Friday, December 7, 2007

Black Forest Trifle

Each year I usually serve a trifle for either the Christmas Eve or Christmas Day dinner. And I don't always use a recipe - I just put together one in my head.

I believe the traditional English trifle uses pound cake, fruit and sherry. I've decided to be creative and blend different flavors such as gingerbread, pear and mascarpone. This recipe uses the Tres Leches sponge cake with cocoa powder added, some cherry brandy, the Cherry Compote and whipped cream.



Ingredients:

Cake
9 eggs, separated
2 cups sugar
1 teaspoon vanilla
1 1/2 cups flour
1/2 cup cocoa powder
1/2 cup milk, mixed with 1 tablespoon baking powder

Compote
Cherry Compote

Assembly
1/3 cup kirschwasser or white rum
2 cups whipping cream
1/4 cup sugar
One large trifle bowl - preferably 9 inches in diameter or larger

Instructions:

1. Preheat oven to 350 degrees. Grease three 8-inch round cake pans.

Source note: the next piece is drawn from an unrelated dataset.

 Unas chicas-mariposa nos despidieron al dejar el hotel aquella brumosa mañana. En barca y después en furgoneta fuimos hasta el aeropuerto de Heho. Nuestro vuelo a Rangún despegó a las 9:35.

2. In a separate bowl sift or mix together the flour and cocoa powder. Set aside.

3. Beat together egg yolks and sugar until thick and pale; add the vanilla.

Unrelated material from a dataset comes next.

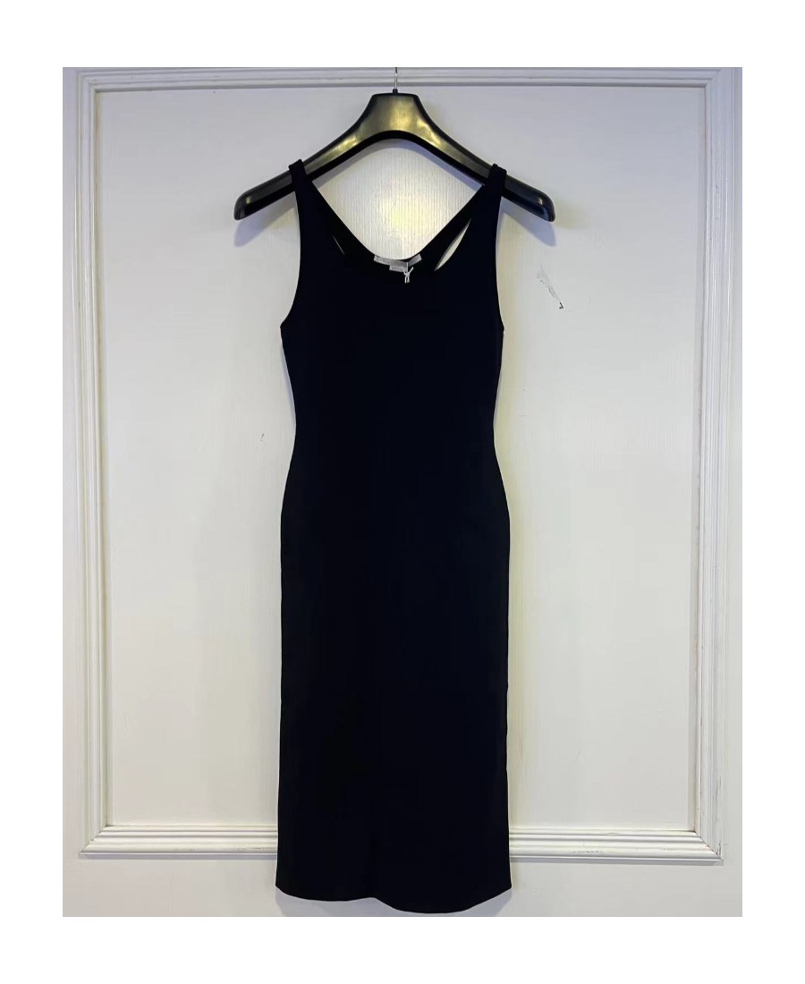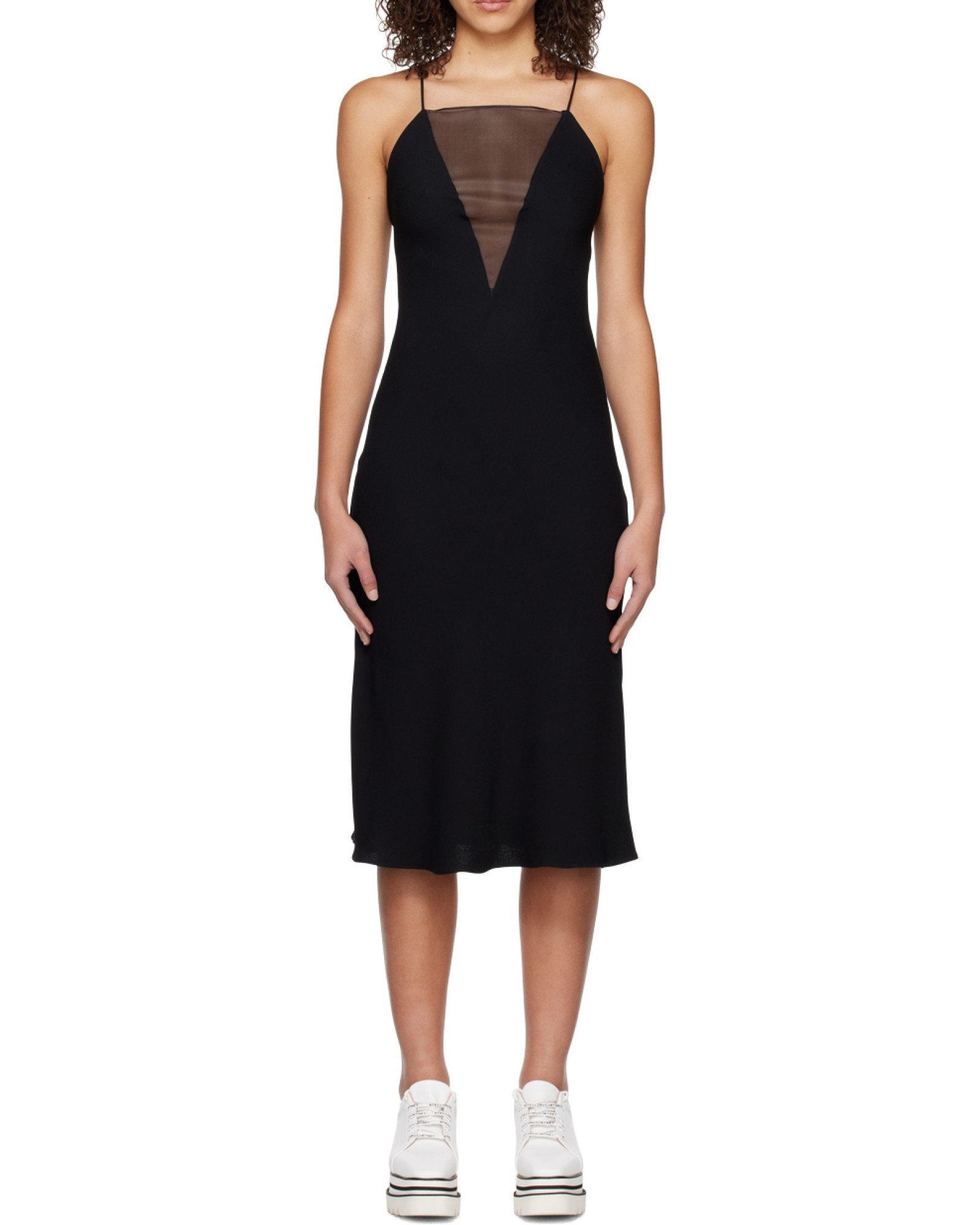 Stella McCartney 纯色V领中长款无袖吊带连衣裙 女款 黑色

4. Add flour/cocoa mixture alternately with the milk mixture.

5. Beat egg whites to stiff peaks. Stir about a third of whites into batter, then fold in the remainder until completely blended. Pour batter into prepared pans - 3/4 full. You may have left over batter - bake an extra round layer if you like.

6. Bake on middle rack of oven until cake tests done, 30 to 35 minutes. Cool on a rack for 2 hours.

7. Remove cakes from pans. Using a large knife, remove part of cake tops to make an even surface. Also if layers are too big to fit your trifle bowl, cut cake around its perimeter to fit. Sprinkle cake with kirschwasser.

8. Beat whipping cream and sugar until stiff.

9. Assemble trifle: place one cake layer in bottom of trifle bowl; place about 1/3rd of cherry compote on top of cake layer then 1/3rd whipped cream. Repeat until all cake layers are used and whipped cream is on top layer.

10. Chill overnight.

Serving: sprinkle chocolate shavings on top of trifle.